Studying music has also let him to become a teacher himself. In addition to leading the youth choir at Kentucky Refugee Ministries, he also teaches students through other organizations like the Central Music Academy and Lexington Parks and Rec. As a teacher, he says, while his style of instruction might be unconventional, his goal is to show each student not just how to play, but how to feel the music.
“A lot of how I teach is via route, I use the books and everything like we need to, like, every student has to have a certain repertoire, but you spend a lot of time saying ‘ok, I’m gonna show you this rhythm, you give it a try, alright, well ok, try not to be so stiff, loosen up, fluid, water, that kind of thing’ and I think that’s how it kind of blends, the concept of feel along with technique, I think it blends that way.”

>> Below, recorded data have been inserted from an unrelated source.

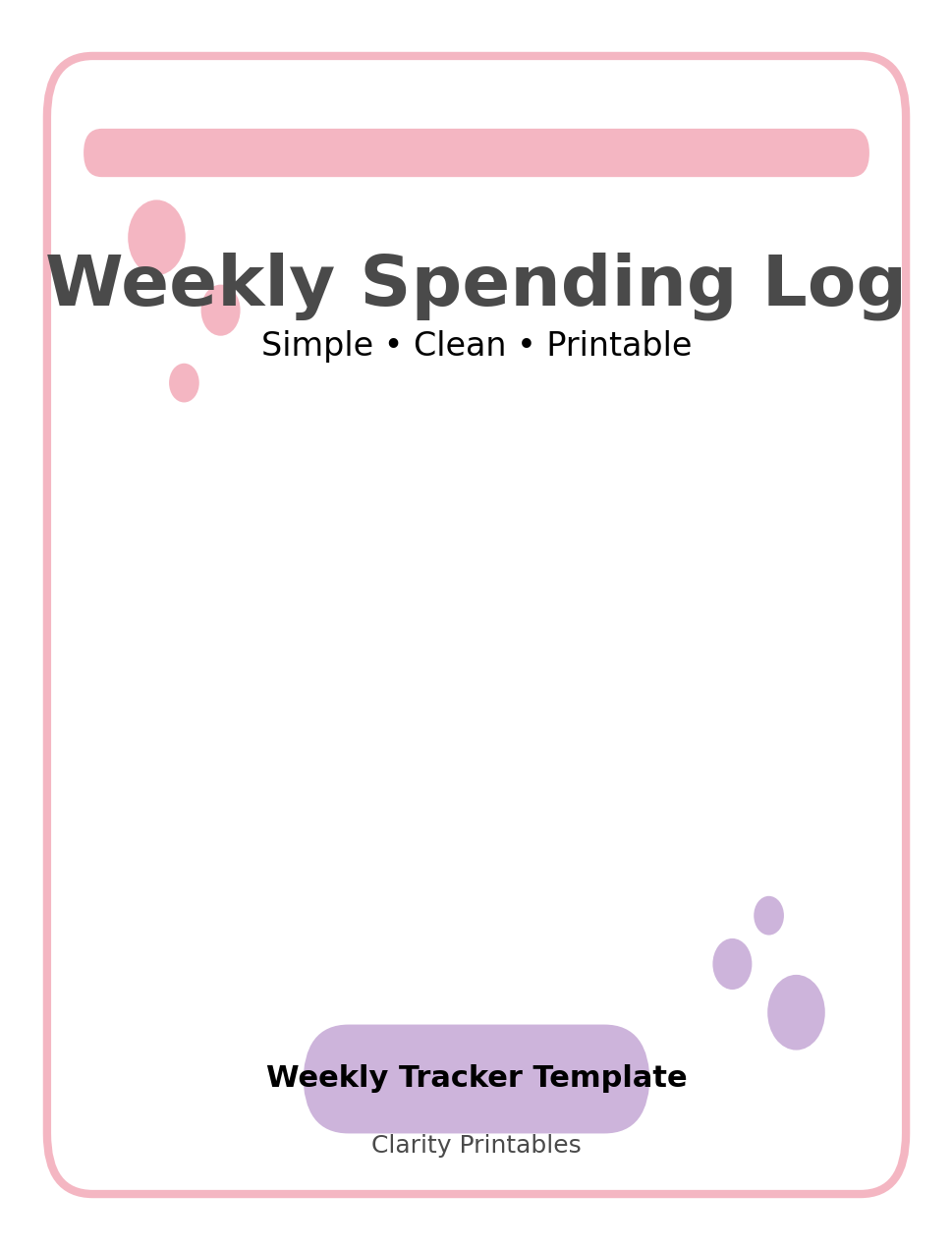 Take control of your spending one week at a time! This Weekly Spending Log is a simple and printable tool designed to help you track daily expenses, calculate weekly totals, and reflect on your habits. Perfect for beginners, busy moms, students, and families who want to manage money with less stress and more clarity.
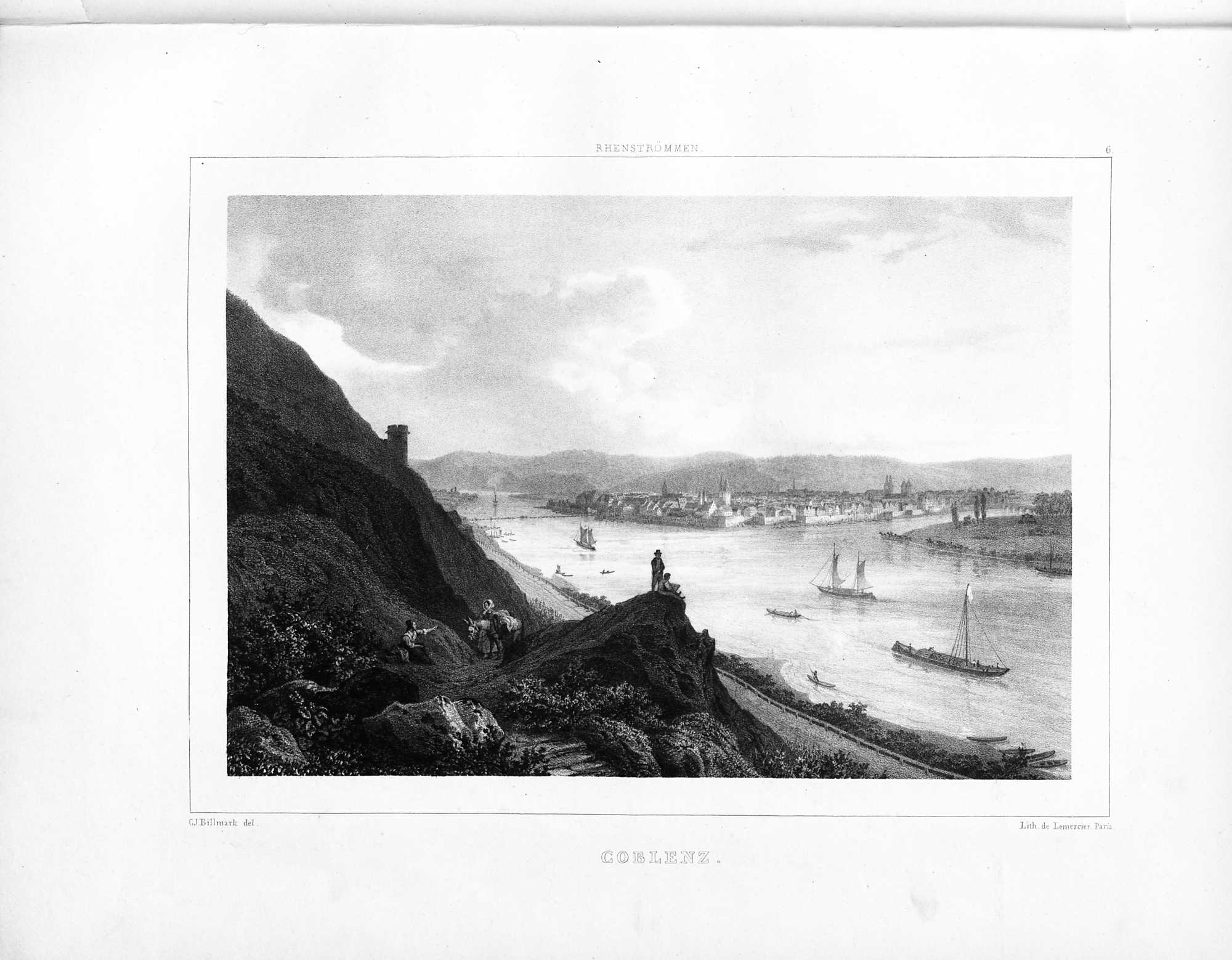 Rhenströmmen från Cöln till Mainz : Tjugo Vuer Tecknade Efter Naturen / Och Lithographierade I Paris Af C. J. Billmark
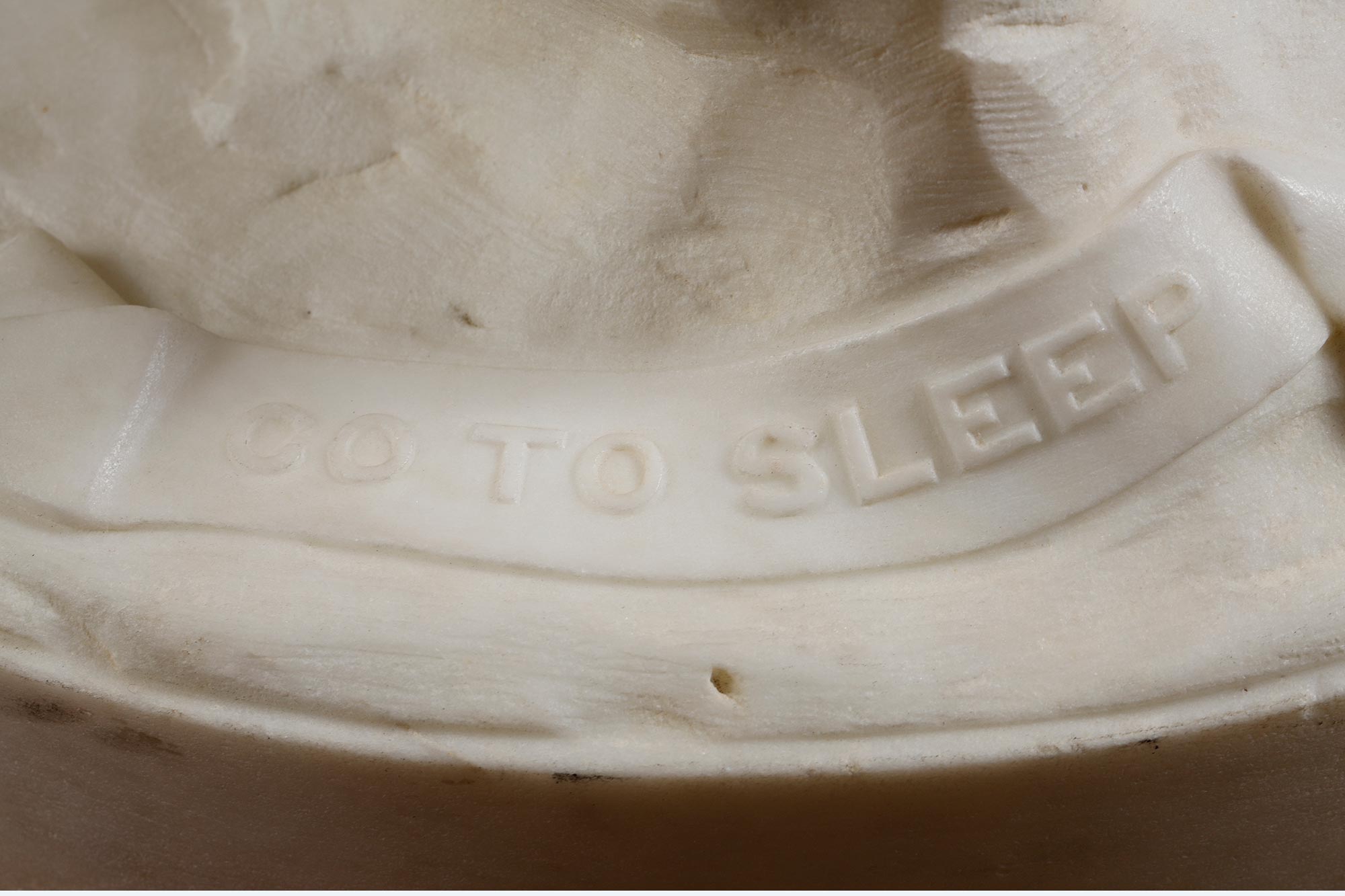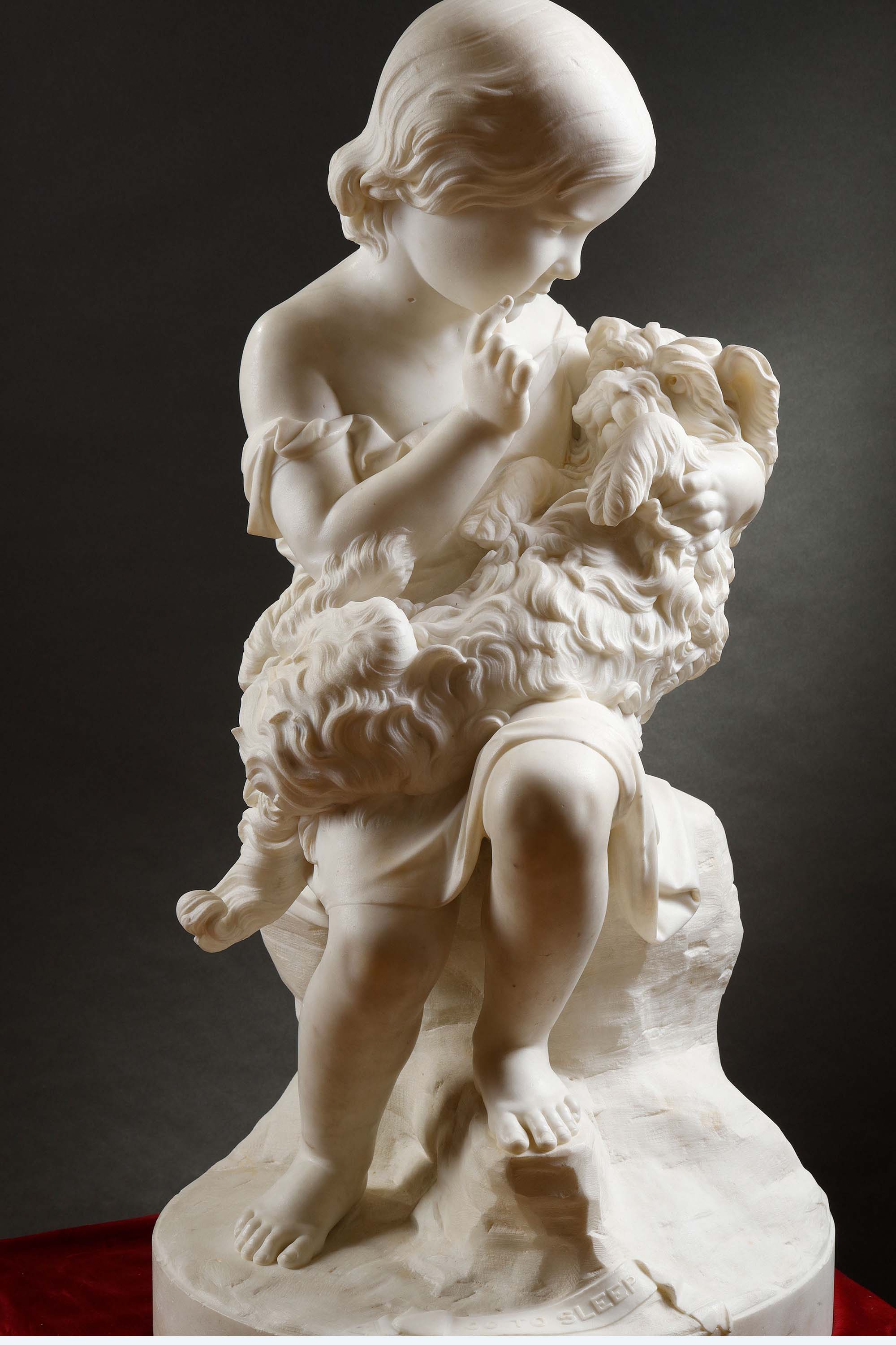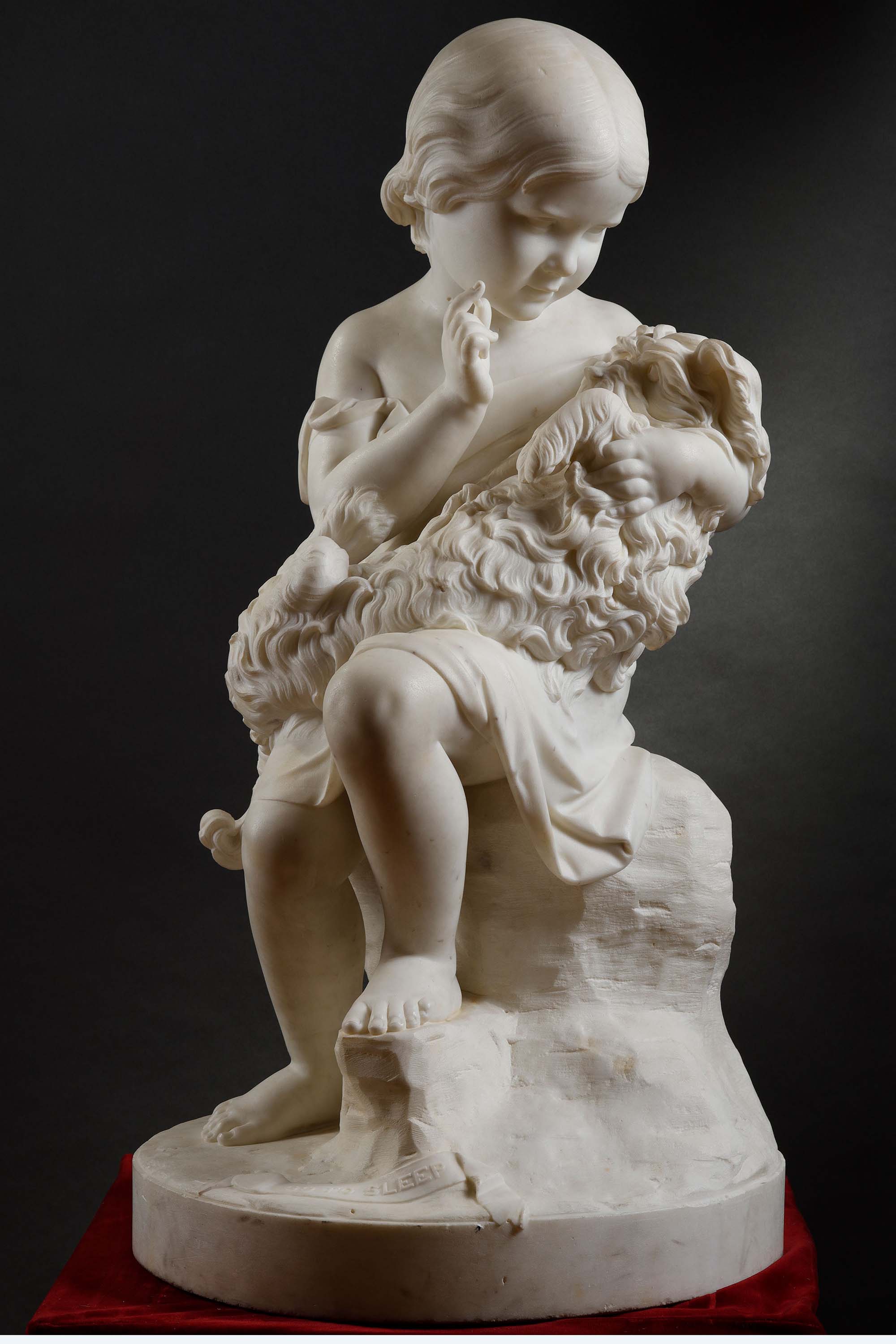 1860年代英国雕塑家Joseph Durham签名创作儿童主题卡拉拉大理石雕塑作品《安睡》
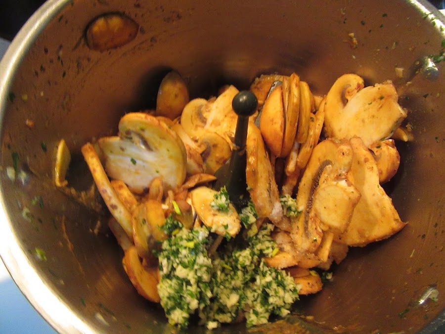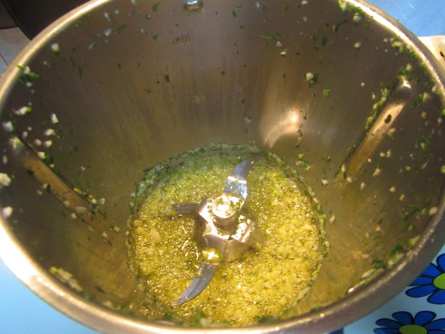 1- Picar dos dientes de ajo y perejil, 4 seg. vel.5. Reservar.
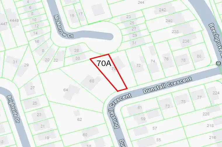 Most competitively priced building lot in Toronto. Land parcel now fully registered with its own separate PIN. Located in West Hill, an area characterized by mature streets and ongoing custom home development, with a mix of established residences and newer builds. 8,116 sq. ft. pie-shaped lot with approximately 44′ of frontage at the setback line, widening to 66′ at the rear, allowing for a functional building footprint. TLAB approved for approx. 4,085 sq. ft. above grade (plans in attachments). Multiplex design possible. Features a large front yard setback for on-site parking, with potential for rear street parking access. Neighbouring parcel 70B Dunstall also available for sale, offering the option to acquire side-by-side lots. Minutes to Rouge Hill GO Station, 401 & Kingston Rd. Close to University of Toronto Scarborough Campus (4km),Centennial College (4km), Centenary Hospital (5km), Pan Am Centre (4km), Rouge Valley trails, and Lake Ontario. Existing house sits on both 70A and &70B Dunstall and is being sold in its current state with no warranties or representations. Taxes not yet assessed.
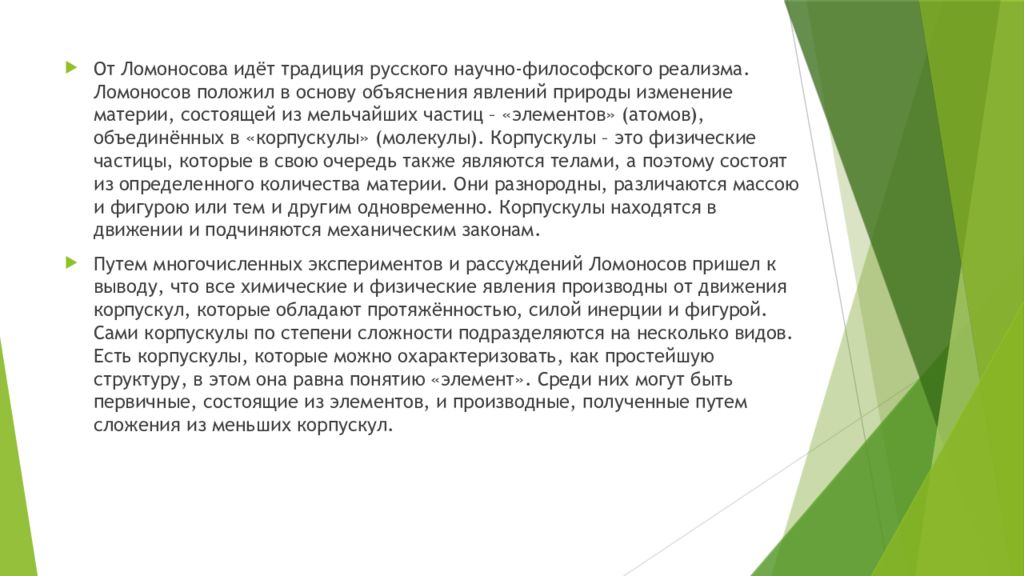 От Ломоносова идёт традиция русского научно-философского реализма. Ломоносов положил в основу объяснения явлений природы изменение материи, состоящей из мельчайших частиц – «элементов» (атомов), объединённых в «корпускулы» (молекулы). Корпускулы – это физические частицы, которые в свою очередь также являются телами, а поэтому состоят из определенного количества материи. Они разнородны, различаются массою и фигурою или тем и другим одновременно. Корпускулы находятся в движении и подчиняются механическим законам. Путем многочисленных экспериментов и рассуждений Ломоносов пришел к выводу, что все химические и физические явления производны от движения корпускул, которые обладают протяжённостью, силой инерции и фигурой. Сами корпускулы по степени сложности подразделяются на несколько видов. Есть корпускулы, которые можно охарактеризовать, как простейшую структуру, в этом она равна понятию «элемент». Среди них могут быть первичные, состоящие из элементов, и производные, полученные путем сложения из меньших корпускул.
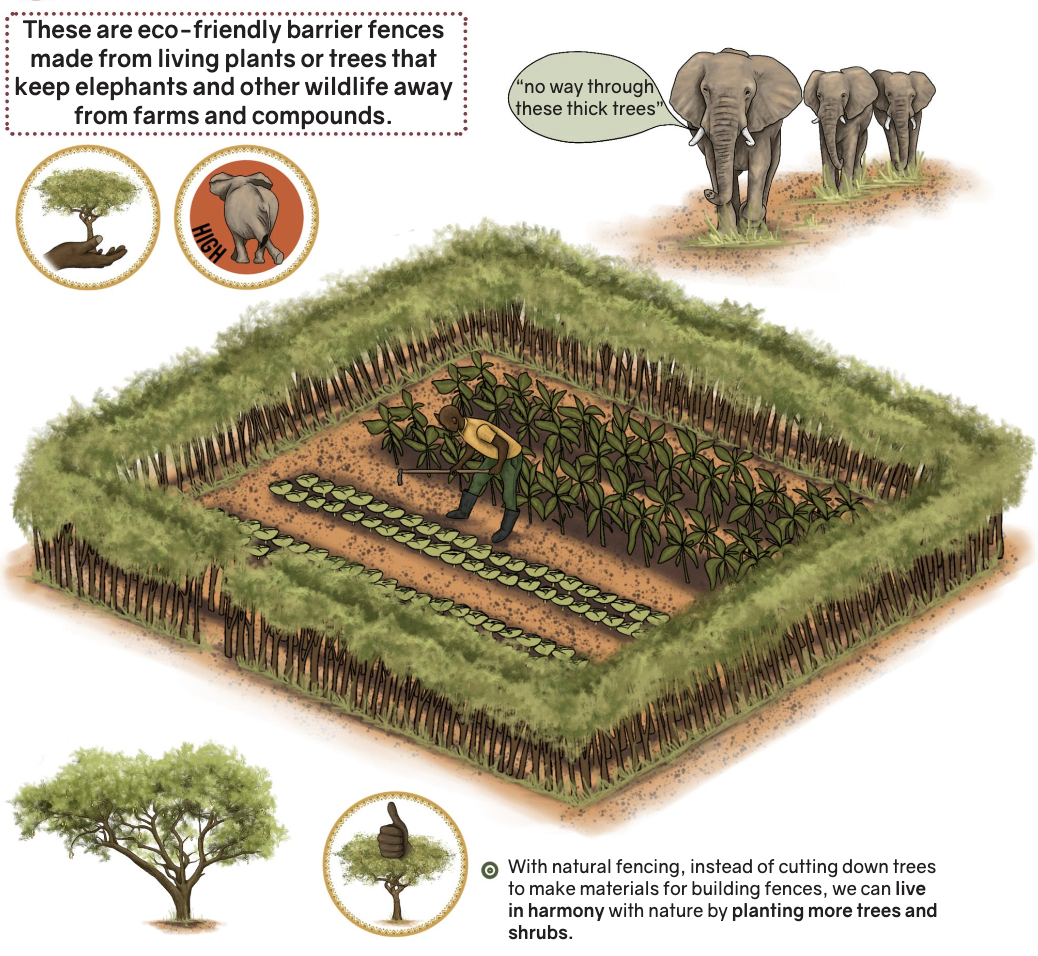 - Creation of physical barriers to prevent animals from reaching the human habitations and crop fields.

When he’s not teaching music, Cornelison performs with different bands around town. The two he is most known for are DAD, short for Damned African Descendants and Frustrate. Both bands are different stylistically, but Cornelison says they both have goals of accomplishing the same thing, outside of music.
“They kind of have the same ideals, like DAD is kind of that, anecdotal narrative, we’re describing life as a brown person or a person of color, whereas Frustrate is really, aggressively, denouncing the discriminatory predator, if you can ever discern any of Nick’s [Pulliam] lyrics, he’s calling out bigots, it’s the more in your face version of the protest against the rising discrimination in this country and in this world.”
Justin Cornelison performs with DAD, which stands for Damned African Descendants and Frustrate. More information about Cornelison and his projects can be found at lexingtonmusicproject.wordpress.com or at SambaLex.org. Cornelison will be performing in the production of Dream Girls at the Kentucky Conservatory Theatre until January 29th.